Given data
────────────────────────────────────────
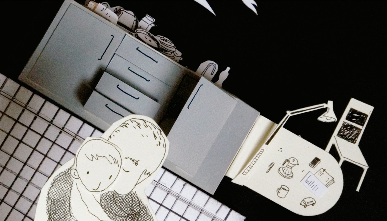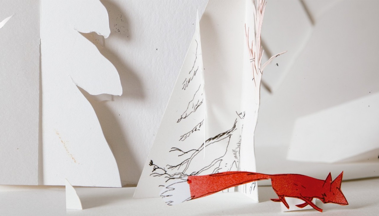 Las ilustraciones de Torseter para este libro son, quizás, las más alejadas del estilo al que nos tiene acostumbrados. Aún así, seguimos reconociendo al artista noruego en cada imagen. En lugar de su habitual dibujo tembloroso y detallado, construye, literalmente, las imágenes con dioramas de papel que luego fotografía. Mantiene su expresividad en el dibujo sobre algunos papeles, las manchas de carboncillo o pintura que aportan sombras y texturas. Las imágenes de Torseter evocan ese ambiente que transmite el texto: podemos percibir la ausencia, el frío y el silencio solo con verlas. Lo consigue con la composición de la escena, los colores, blancos y grises salvo por el zorro rojo que camina por el exterior. Ese tono rojo transmite la calidez perdida, que quizás en algún momento puedan recuperar dentro del hogar.
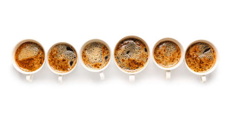 Cups of tasty coffee on white background
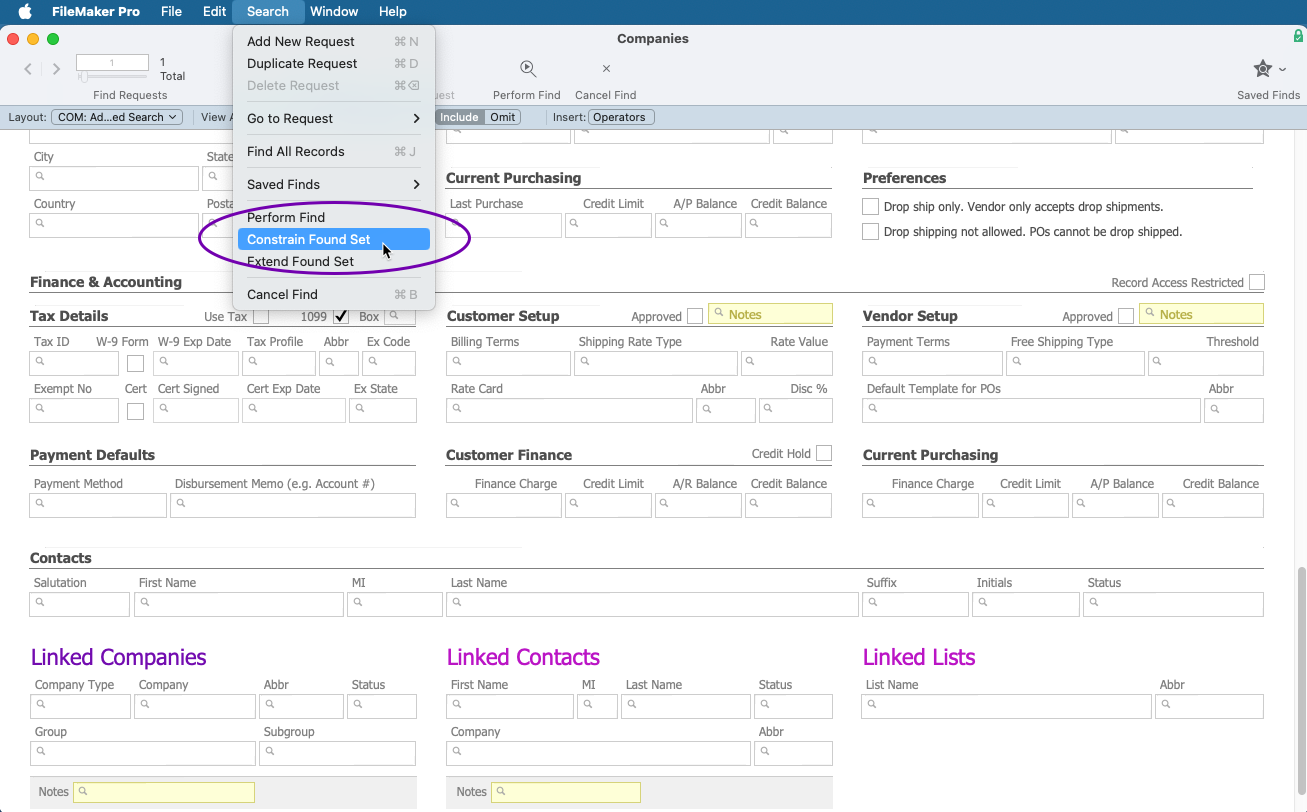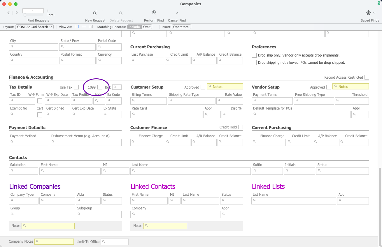 This search does not itself limit your list to companies flagged as 1099. You might need to further constrain the list to display only 1099 companies using Advanced Search by entering the Advanced Search details, then selecting the FileMaker Search > Constrain Found Set.
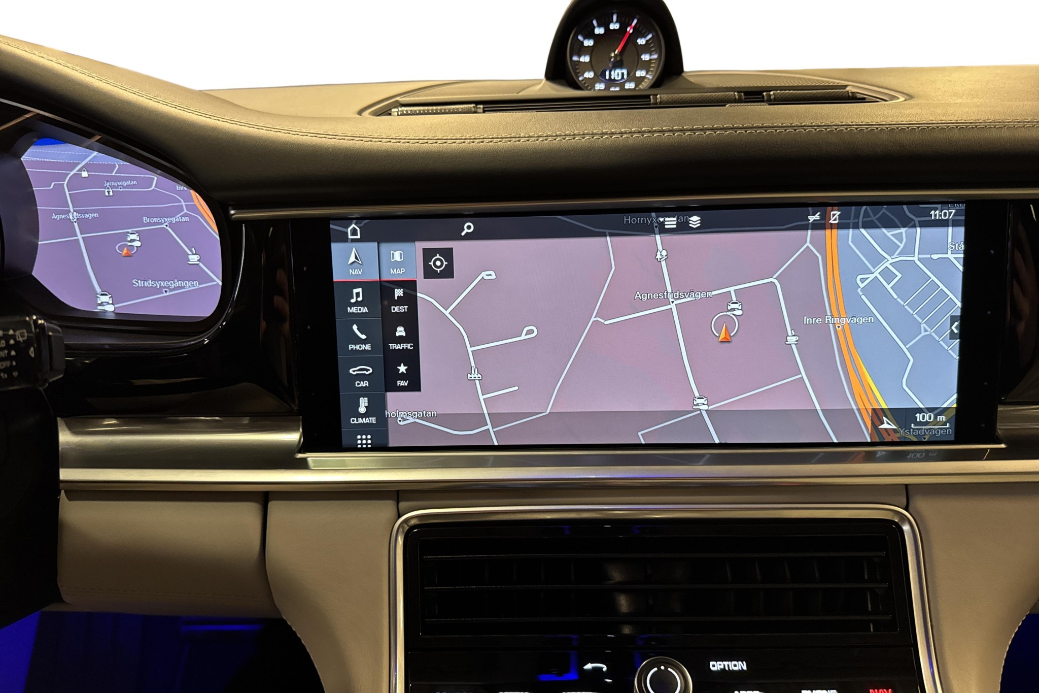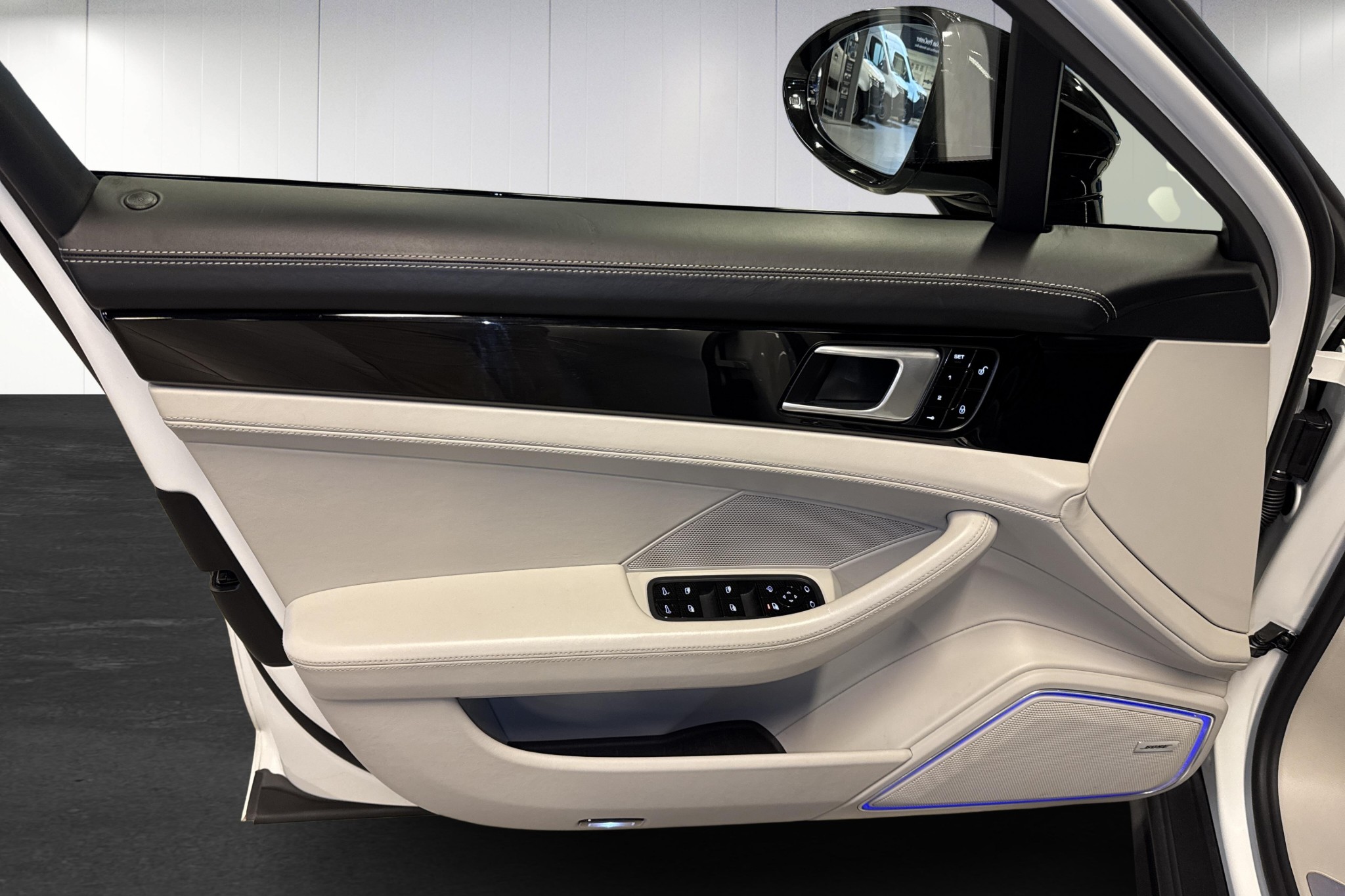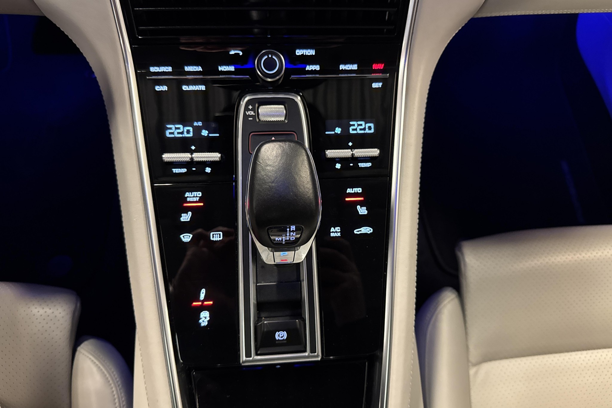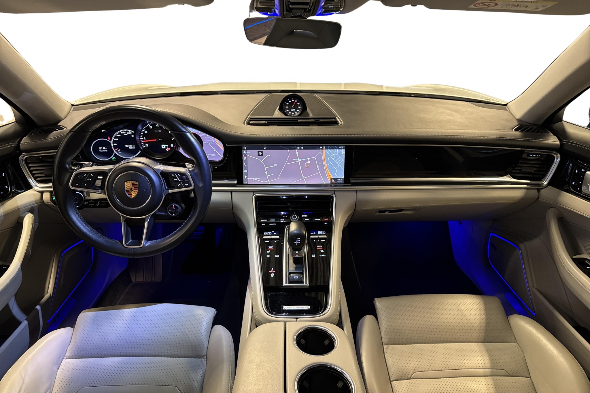 - Tonade rutor, interiört ljuspaket och Porsche-vapen präglade i nackstöd
────────────────────────────────────────
Problem
Return the listing above verbatim and exclude every picture.

Answer for the task
 Las ilustraciones de Torseter para este libro son, quizás, las más alejadas del estilo al que nos tiene acostumbrados. Aún así, seguimos reconociendo al artista noruego en cada imagen. En lugar de su habitual dibujo tembloroso y detallado, construye, literalmente, las imágenes con dioramas de papel que luego fotografía. Mantiene su expresividad en el dibujo sobre algunos papeles, las manchas de carboncillo o pintura que aportan sombras y texturas. Las imágenes de Torseter evocan ese ambiente que transmite el texto: podemos percibir la ausencia, el frío y el silencio solo con verlas. Lo consigue con la composición de la escena, los colores, blancos y grises salvo por el zorro rojo que camina por el exterior. Ese tono rojo transmite la calidez perdida, que quizás en algún momento puedan recuperar dentro del hogar.
 Cups of tasty coffee on white background
 This search does not itself limit your list to companies flagged as 1099. You might need to further constrain the list to display only 1099 companies using Advanced Search by entering the Advanced Search details, then selecting the FileMaker Search > Constrain Found Set.
 - Tonade rutor, interiört ljuspaket och Porsche-vapen präglade i nackstöd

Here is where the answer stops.